A intenção fica mais explícita nas declarações do ministro da Fazenda, Nelson Barbosa, que ao anunciar a proposta de elevação do déficit, serviria “para que o governo ajude a economia a se estabilizar e fazer com que o emprego e a renda se recuperem mais rapidamente”. Ocorre que tais empurrões, quando um governo tem condições de dá-los – e não parece ser este o caso –, devem ser pontuais.

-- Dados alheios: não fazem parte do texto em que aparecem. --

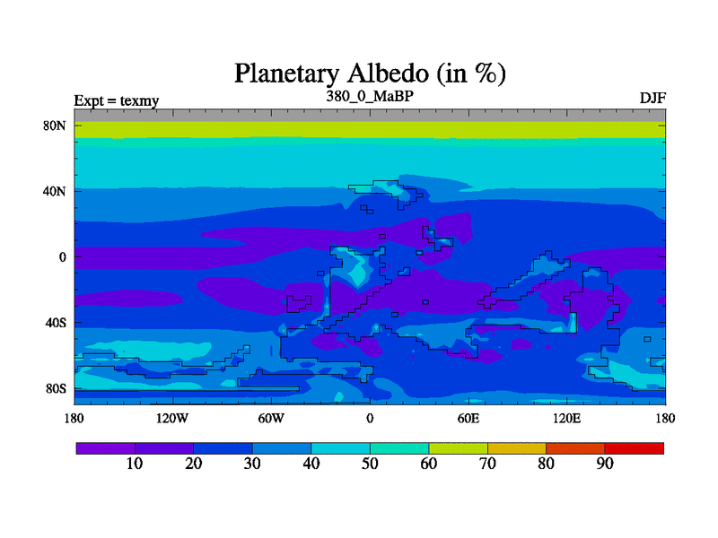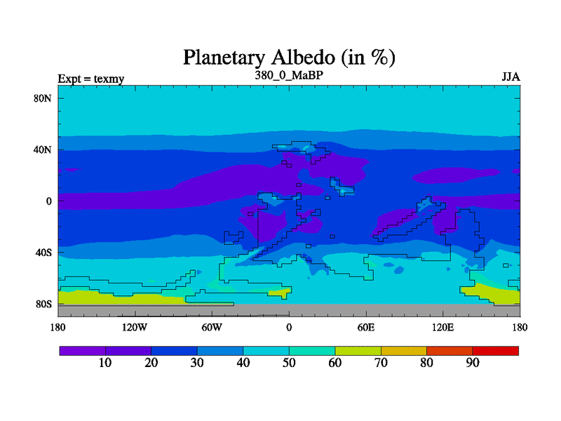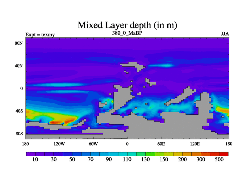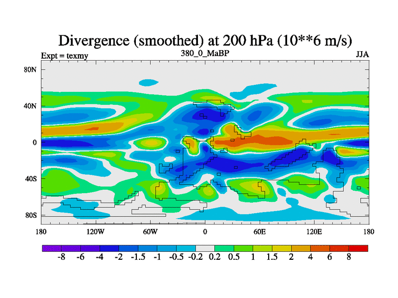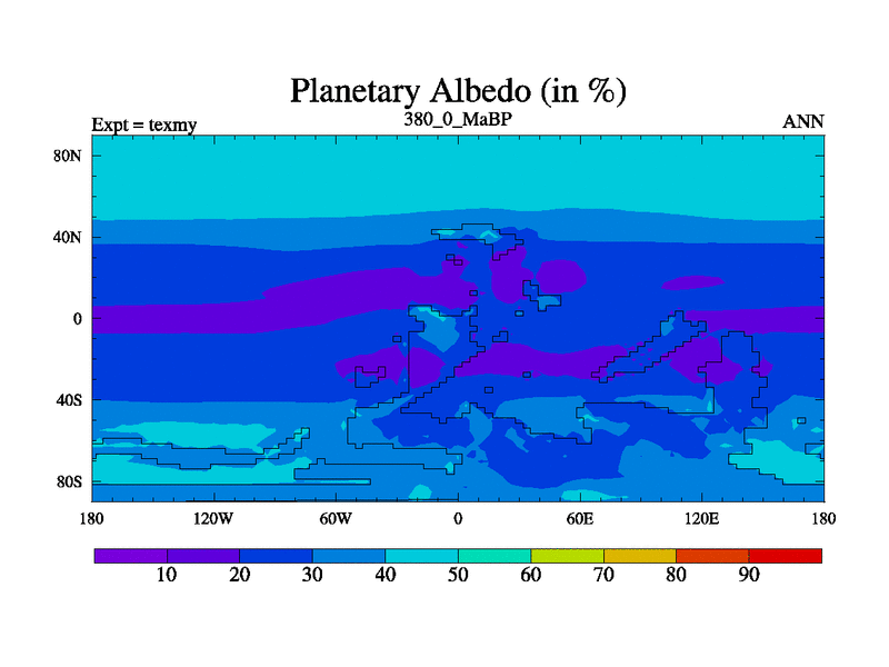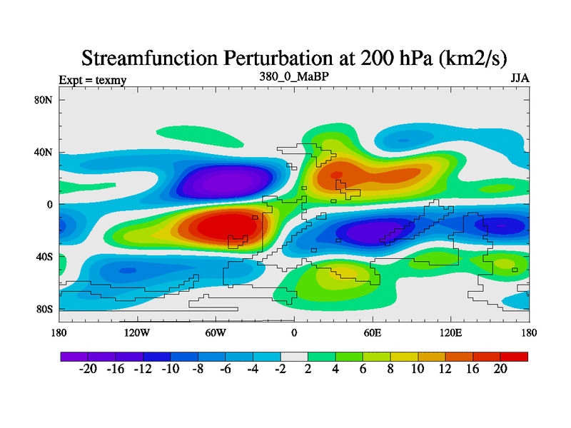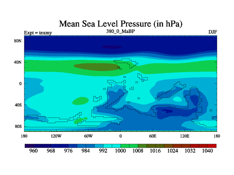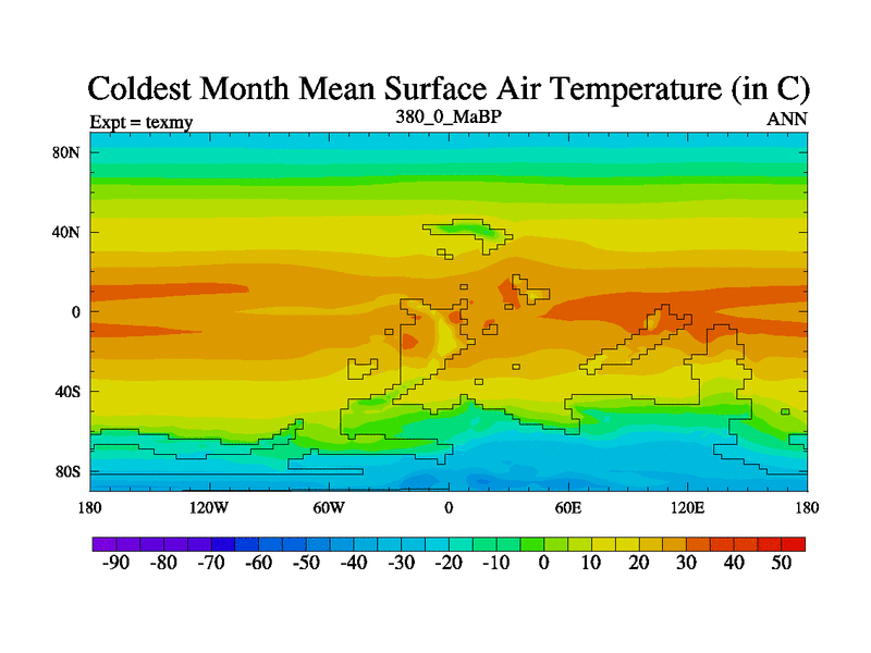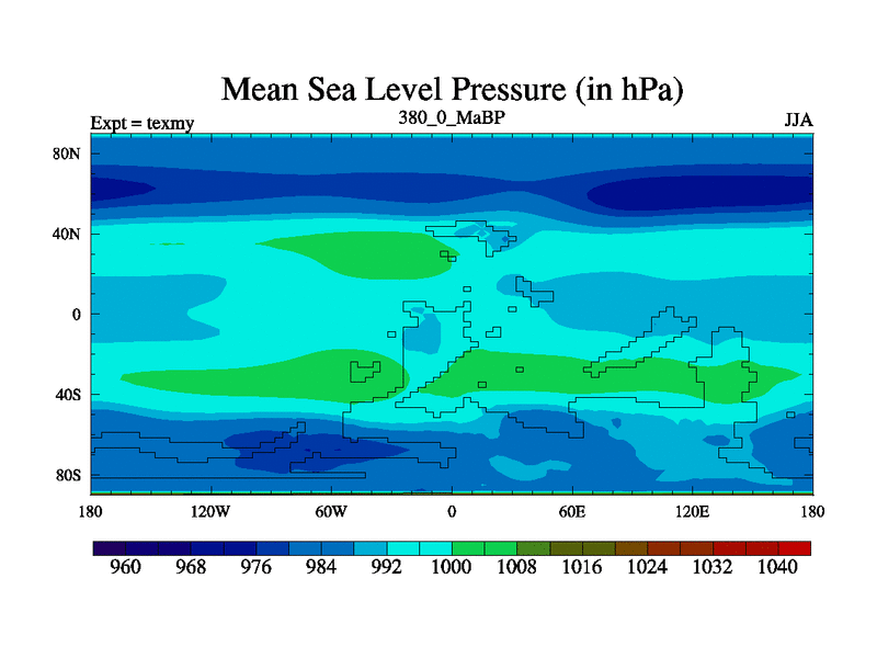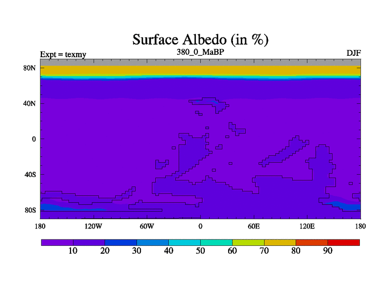 This is the 380.0 Ma simulation using the Scotese palaeogeographies. High output extension of the 5000 year spinup.

A situação econômica que o país vive decorre exatamente do fato de o governo não ter cessado os estímulos. Conquistado o efeito de retomada da economia, ele, estado, deve se retirar, conforme Keynes. No nosso caso, os déficits se acumularam ano após ano, mostrando a irresponsabilidade do governo para com o comportamento do endividamento público. Somente os subsídios dados pelo governo, como repasses ao BNDES, descontos de IPI em automóveis e programas como Minha Casa Minha vida, custaram aos cofres públicos R$ 61 bilhões em 2015, cerca de 1% do PIB. Essa ação desestruturou a dívida pública e, indiretamente, é ela, que garantiu vitórias em três pleitos, pode fazer a situação ser retirada do poder.
Há um certo odor de calote no ar e, neste sentido, aumentar gastos é algo mais do que preocupante. Algumas projeções dão conta de que o endividamento público deve atingir cerca de 90% do PIB no próximo ano e a postura atual nada mais faz do que ampliar o pessimismo com relação à capacidade de pagamento do Brasil. Basta lembrar que foi justamente isso que levou ao rebaixamento da nossa nota de risco pelas principais agências internacionais. O déficit é um dos pilares da crise atual. Se não já não havia certeza sobre onde é o fim do poço, a proposta é cavar mais um pouquinho.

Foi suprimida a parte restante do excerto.